Wednesday, February 07, 2001
Deters bows out as GOP chief
Run considered for Ohio attorney general
By Howard Wilkinson
The Cincinnati Enquirer
Ohio Treasurer Joe Deters, setting his sights on a possible run for Ohio attorney general next year, is shedding his job as Hamilton County Republican Party chairman and handing it over to lawyer Michael Barrett.
I did my duty, and now it's time I start worrying about my own election, said Mr. Deters, who for the past year has been in the unique situation of being a state officeholder and county party chair at the same time.
He is mulling a run for re-election as state treasurer next year or a run for Ohio attorney general, which would likely set up a 2002 primary election battle with State Auditor Jim Petro.
Both Mr. Petro and the incumbent Republican attor ney general, Betty Montgomery, can't run for re-election next year because of Ohio's term limits law. Mr. Deters could run for re-election.
Mr. Deters said he is leaving the party chairmanship now to devote more time to raising campaign money and to decide what office to run for in 2002.
The Hamilton County Republican Party's central committee is expected to meet Tuesday to elect a new chairman. Mr. Barrett, son of the late physician, philanthropist and businessman Charles Barrett, has the support of most of the party leadership, including Mr. Deters, Hamilton County prosecutor Mike Allen and U.S. Rep. Rob Portman.
Mr. Barrett, 50, who began his career as an assistant county prosecutor in the late 1970s, said he has been interested in the party chairmanship for several years.
I'm looking forward to this, Mr. Barrett said. I can tell you that my focus will be on local races, winning local offices, much more than on the national scene.

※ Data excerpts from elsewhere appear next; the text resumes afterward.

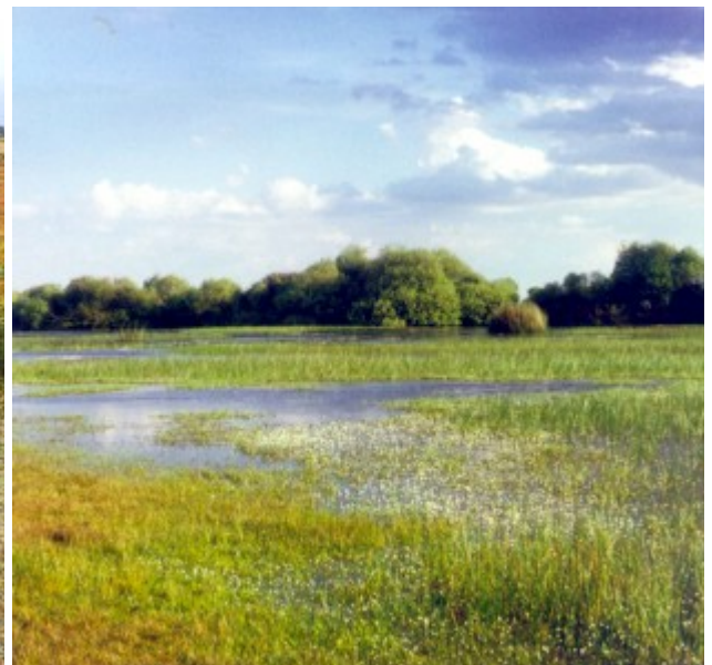
Foto 4.- La laguna de Chozas de Arriba (C) en el Páramo Leonés, Chozas de Arriba (C), que refleja Leonés, es semipermanente y muestra una elevada diversidad de especies (Mayo 1995).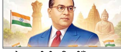
आम्बेडकरवादी भी जातिवादी हैं!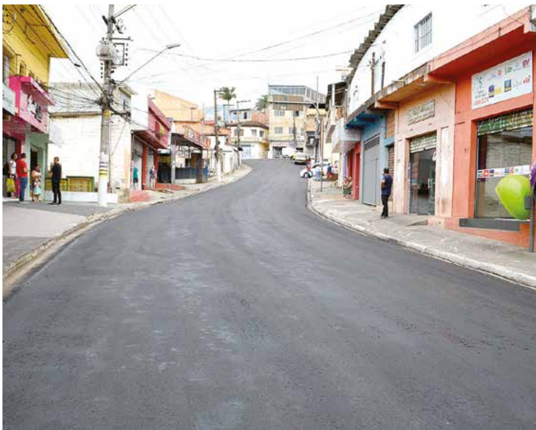
Nova camada asfáltica contemplara toda extensão da rua

Outra via de grande circulação na cidade, a Estrada dos Mandu, já está no cronograma de ação e será a próxima a ser recuperada.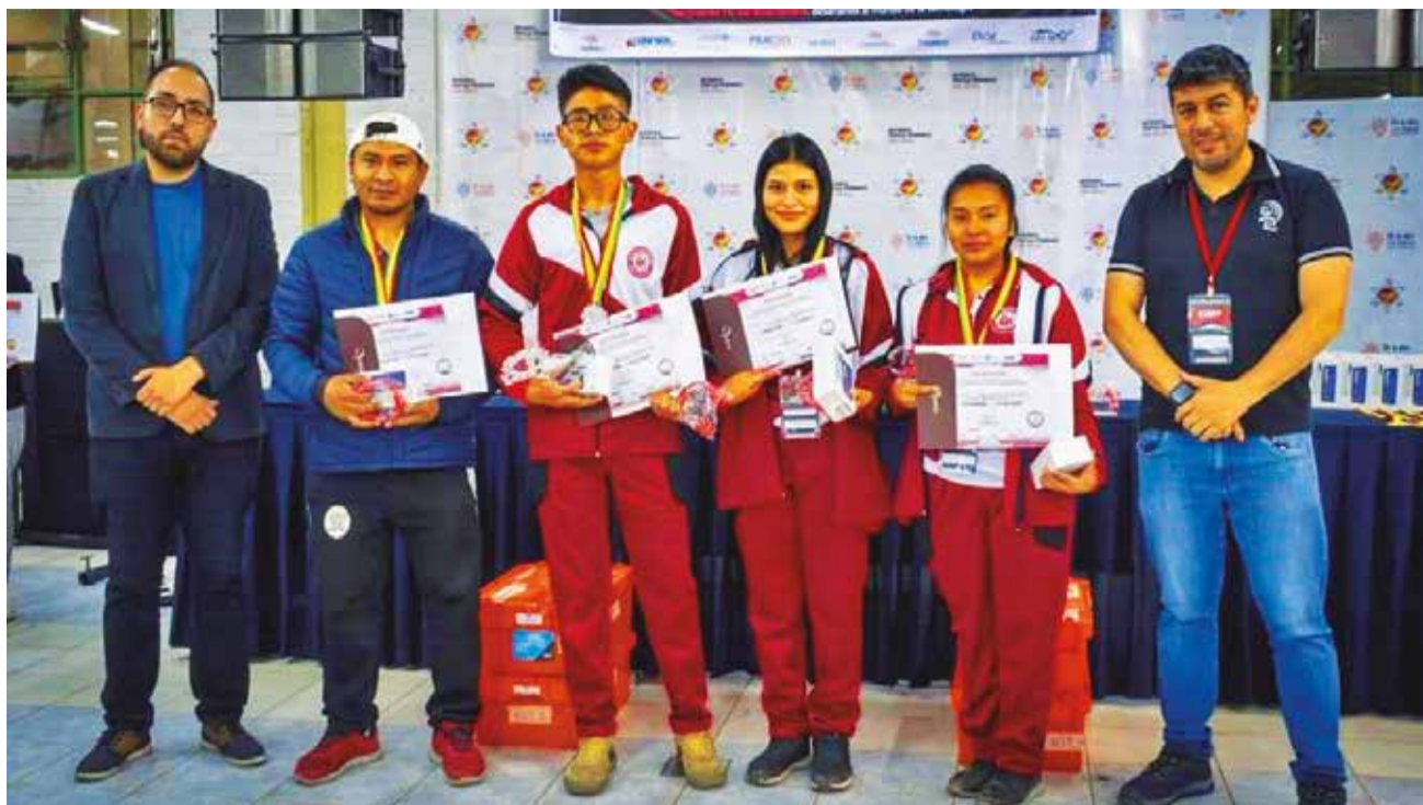
El equipo Safabot, segundo lugar en la categoría Tecnólogos Disruptivos. AGETIC BOLIVIA.

En Cochabamba participaron 200 jóvenes en las categorías de Tecnólogos Disruptivos e Inventores Disruptivos. Los ganadores en la primera categoría fueron: S. Rodribot en primer lugar, que tuvo como tutor a Mauricio Ordo-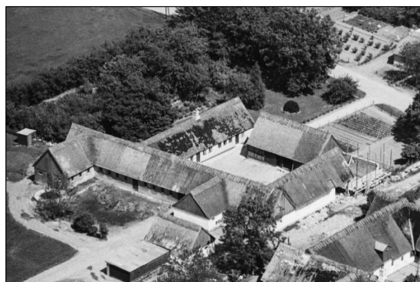
Egebæksgaard - Luffoto 1949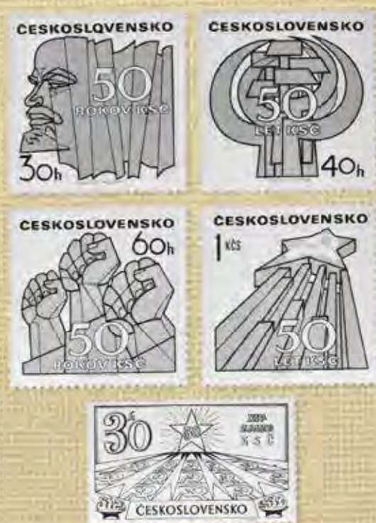
Výroční známky. Arch známek vydaný v roce 1971 k 50. výročí založení KSČ a k opakovanému normalizačnímu 14. sjezdu. Na první známce je podobizna V. I. Lenina.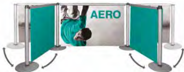
5 Enrouleurs Aero 1000mm - 6 mâts - 6 pieds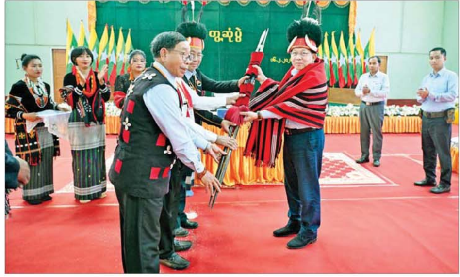
ပြည်ထောင်စုသမ္မတမြန်မာနိုင်ငံတော် ယာယီသမ္မတ နိုင်ငံတော်လုံခြုံရေးနှင့် အေးချမ်းသာယာရေးကော်မရှင်ဥက္ကဋ္ဌ ဗိုလ်ချုပ်မှူးကြီး မင်းအောင်လှိုင်ထံ နာဂကိုယ်ပိုင်အုပ်ချုပ်ခွင့်ရဒေသဦးစီးအဖွဲ့ဥက္ကဋ္ဌ၊ နာဂရိုးရာ စာပေနှင့်ယဉ်ကျေးမှုကော်မတီဥက္ကဋ္ဌနှင့် တာဝန်ရှိသူများက နာဂရိုးရာ ခေါင်းပေါင်း၊ မြို့ထည်နှင့် ရိုးရာလက်ဆောင်ပစ္စည်းများ ဂါရဝပြုဆင်မြန်းပေးစဉ်။

ဝန်ကြီးများ၊ စစ်ကိုင်းတိုင်းဒေသကြီး ဝန်ကြီးချုပ် ဦးမြတ်ကျော်၊ ကာကွယ်ရေး ဦးစီးချုပ်ရုံးမှ အဆင့်မြင့် တပ်မတော်အရာရှိကြီးများနှင့်စနိုးများ၊ အနောက်မြောက်တိုင်းစစ်ဌာနချုပ်တိုင်းမှူး၊ ဒုတိယဝန်ကြီးများ၊ လဟယ်မြို့နှင့်လေရှီးမြို့တို့ရှိ ဌာနဆိုင်ရာ တာဝန်ရှိသူများ၊ မြို့မိမြို့ဖများ၊ တိုင်းရင်းသားရိုးရာစာပေနှင့် ယဉ်ကျေးမှုအဖွဲ့များ၊ ဒေသခံတိုင်းရင်းသားပြည်သူများ တက်ရောက်ကြသည်။ ဒေသဆိုင်ရာ အချက်အလက်များနှင့် ဒေသဖွံ့ဖြိုးရေးအတွက် လိုအပ်ချက်များအား အသီးသီးဆွေးနွေးတင်ပြ ဦးစွာ လဟယ်မြို့နှင့် လေရှီးမြို့တို့မှ နာဂကိုယ်ပိုင်အုပ်ချုပ်ခွင့်ရဒေသဦးစီးဥက္ကဋ္ဌဦးထွန်းထွန်းဝင်းနှင့် လေရှီးမြို့နယ် စီမံခန့်ခွဲရေးနှင့် အုပ်ချုပ်ရေးကော်မတီ ဥက္ကဋ္ဌဦးဝင်းမောင်တို့က ဒေသဆိုင်ရာ အချက်အလက်များ၊ ဒေသတည်ငြိမ်အေးချမ်းရေး လုပ်ငန်းများ ဆောင်ရွက်ထားရှိမှု၊ ပါတီနှင့် ဒီမိုကရေစီအထွေထွေရွေးကောက်ပွဲ အောင်မြင်စွာကျင်းပပြုလုပ်နိုင်ခဲ့မှု၊ နာဂဒေသအတွင်း မြေအသုံးချမှုနှင့် ပျမ်းမျှမိုးရေရရှိမှု၊ ကဏ္ဍကြီးများအလိုက် ကုန်ထုတ်လုပ်မှုများ တိုးတက်ထုတ်လုပ်နိုင်ခဲ့မှု၊ ရာသီအလိုက် သီးနှံများစိုက်ပျိုးလျက်ရှိမှု၊ ဒေသဝမ်းစာပုံလုံမှု၊ မွေးမြူရေးလုပ်ငန်းများ ဆောင်ရွက်ထားရှိမှု၊ နိုင်ငံပီးပွားရေးမြှင့်တင်ရေးရန်ပုံငွေများ ထုတ်ဖျော့ပေးထားမှု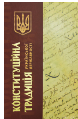
Конституційна традиція української державності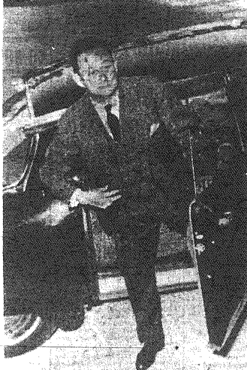
Bourges — Maunoury.

PARYŻ PAP. Jak donosi agencja France Presse, Bourges — Maunoury ustalił listę nowego gabinetu, którą przedstawi Zgromadzeniu Narodowemu. Obsada głównych tek w projektowanym gabinecie jest następująca: premier — Bourges — Maunoury (partia radykalno — socjalistyczna), spraw. zagraniczne — Pineau (SFIO), ministerstwo spraw wewnętrznych — G. Jules (partia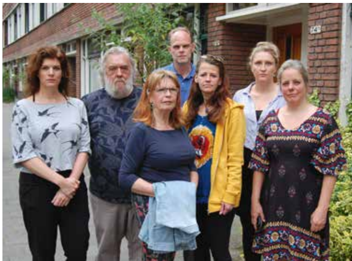
Bewoners van de bewonerscommissie HKT

Mr. Deters took over the party chairmanship a year ago, after an uproar over a controversial endorsement process for state representative candidates split the party and forced the resignation of party chairman H.C. Buck Niehoff.
Hard-line conservatives in the party thought the Niehoff endorsement process was designed to keep their candidates from getting party endorsements and favored the party's handpicked candidates.

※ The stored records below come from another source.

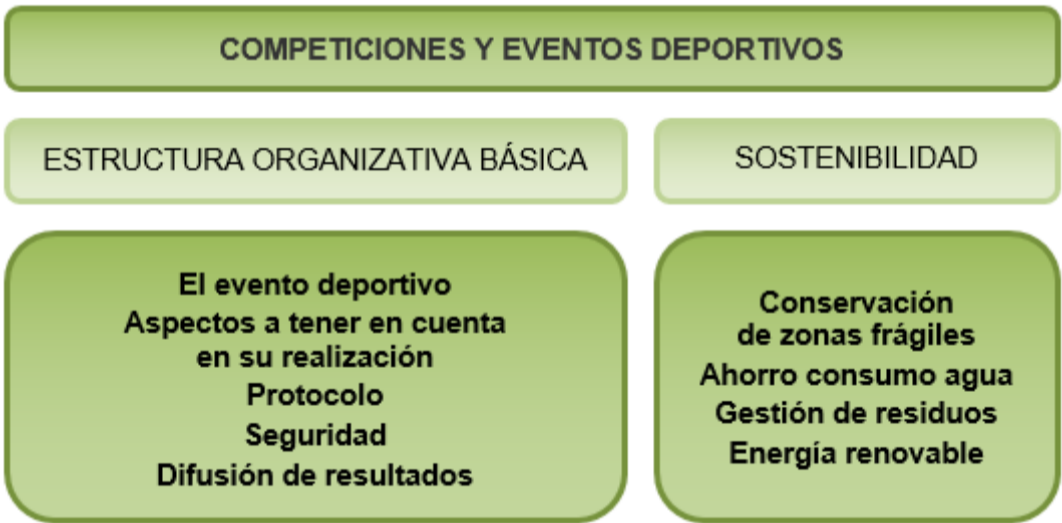
Mapa conceptual Imagen de elaboración propia

En este tema trataremos el proceso de organización y gestión de competiciones y eventos deportivos, centrándonos en los requisitos administrativos y los medios materiales y humanos necesarios. Por otro lado, se tratarán aspectos sobre la sostenibilidad en el desarrollo de los eventos deportivos y las competiciones.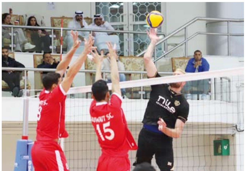
مباراة مثيرة بين الكويت والزمالك

يوم 25 يناير الجاري. وضمت المجموعة الأولى فرق السويحلي الليبي والسلام العماني وبني ياس الإماراتي فيما ضمت المجموعة الثانية كلاً من السيب العماني والكويت الكويتي والهلال الليبي والزمالك المصري. بينما ضمت المجموعة الثالثة فرق أربيل العراقي ودار كليب البحريني والأهلي المصري والشرطة القطري فيما ضمت المجموعة الرابعة فرق غزة الفلسطيني وبرقان الكويتي وقطر القطري والجزيرة الإماراتي.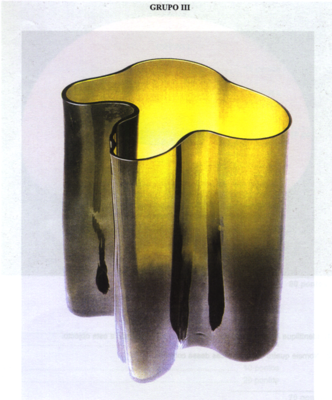
Figura 2 – Alvar Aalto, Vaso Savoy, modelo 3031, 1936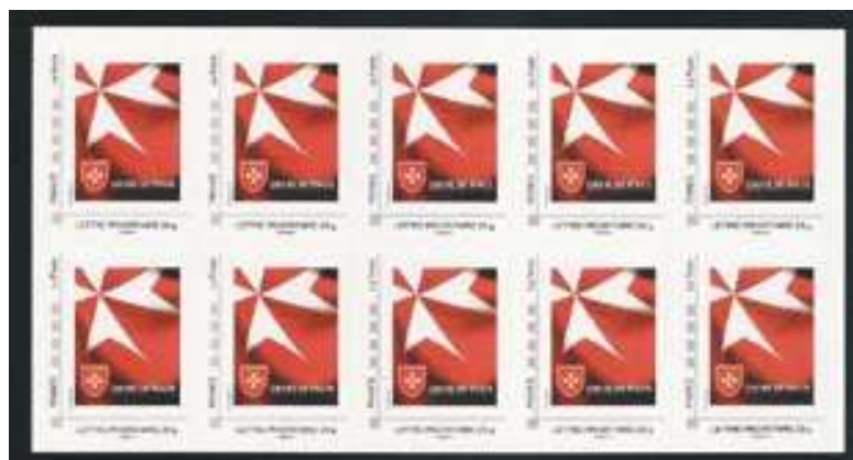
France , bloc de 10 timbres à l'effigie de la croix de Malte

L'Ordre de Malte est encore à ce jour le seul Ordre reconnu par le Vatican qui ne lui appartient pas .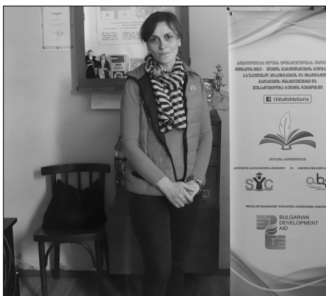
გაღვივდა ბულგარული საზო-

საფლავი რომ არ მოგვენახულებინა. მოკლედ, მერია დიდი პერსპექტივის სოფელია. შეიძლება ითქვას, რომ აქ გაღვივდა ბულგარული საზო-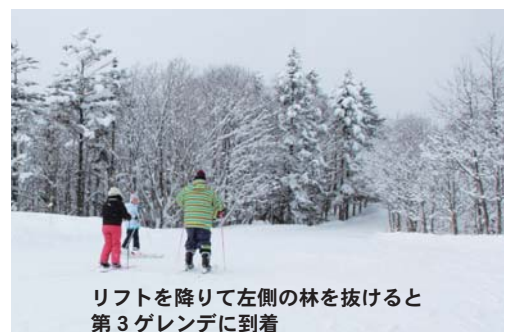
リフトを降りて左側の林を抜けると第3ゲレンデに到着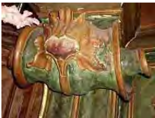
Fig. 72. Volutas da ordem terceira de Itu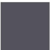
RAL 7016 Anthrazit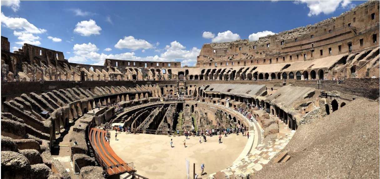
Bilde 8: Tur på Colloseum, med medbrakt guide i tillegg til innleid

Mr. Deters, a former county prosecutor, stepped in to pick up the pieces and vowed to stay in the job only through the 2000 election.
Joe did a great job stabilizing the party structure in Hamilton County, said Ohio GOP chairman Robert Bennett. But nobody expected him to stay in that job long-term.

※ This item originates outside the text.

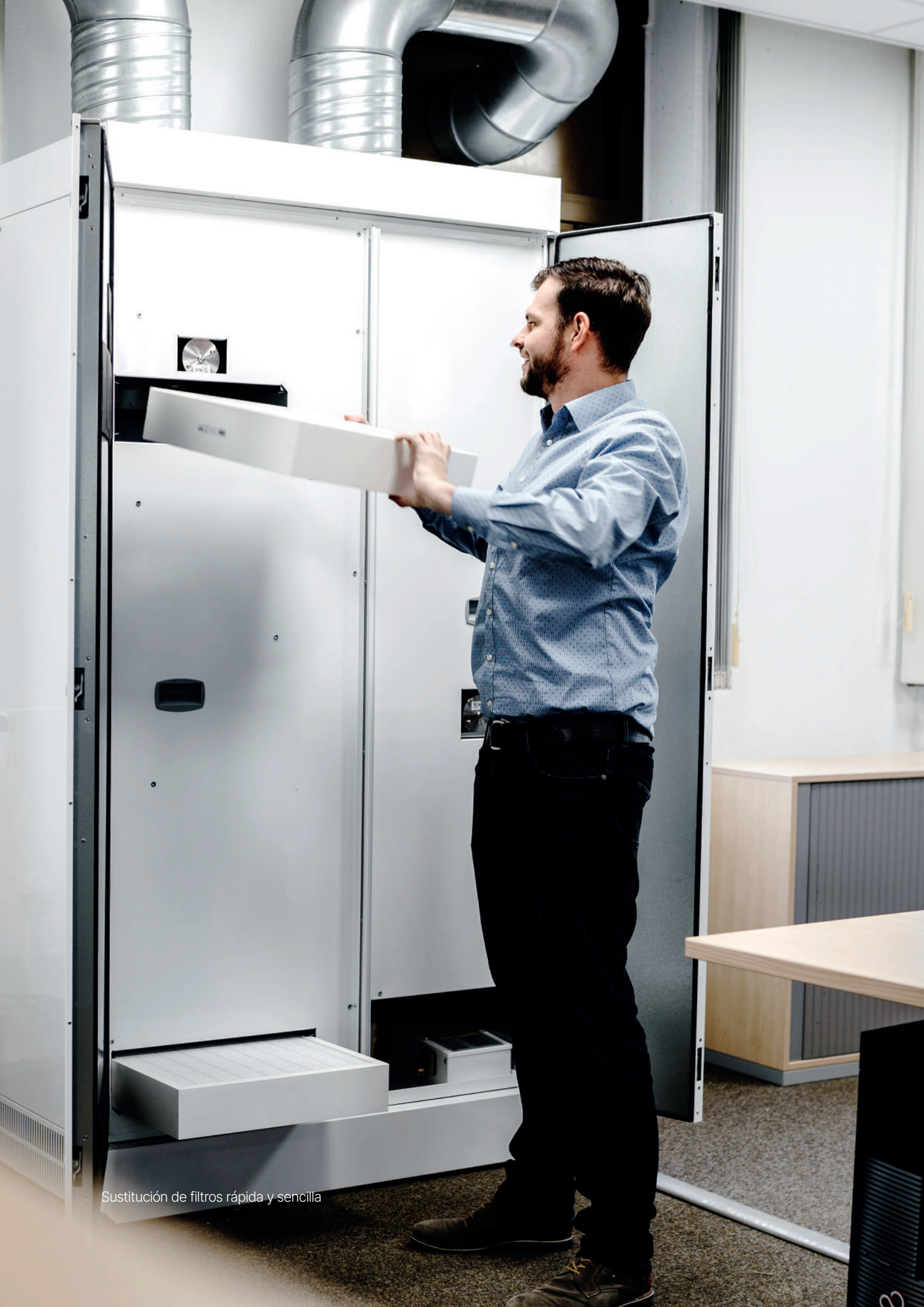
Sustitución de filtros rápida y sencilla

After the flap over the state-representative endorsement process, the GOP in Hamilton County went through an election that saw it lose a Hamilton County commission seat for the first time in 36 years, when Democrat Todd Portune beat Republican incumbent Bob Bedinghaus, and where the GOP lost one of the county's state representative seats.
At the same time, Mr. Deters headed a get-out-the-vote effort last fall in southwestern Ohio counties that produced a 138,172-vote margin for George W. Bush and helped him win Ohio's 21 electoral votes.
In a prepared statement Tuesday, Karl Rove, Mr. Bush's chief political strategist, credited Mr. Deters with running a political operation that proved once again to be one of the premier Republican political organizations in the United States.
Mr. Barrett will face a challenge right from the start a Cincinnati election that will feature the first direct election of the mayor since the 1920s and a City Council election where the city's term-limits law will prevent two of the three GOP incumbents from running for re-election.
The bar is raised pretty high for Republicans in both races, Mr. Barrett said Tuesday of the mayoral and council races. But we are going to put together a credible slate of candidates.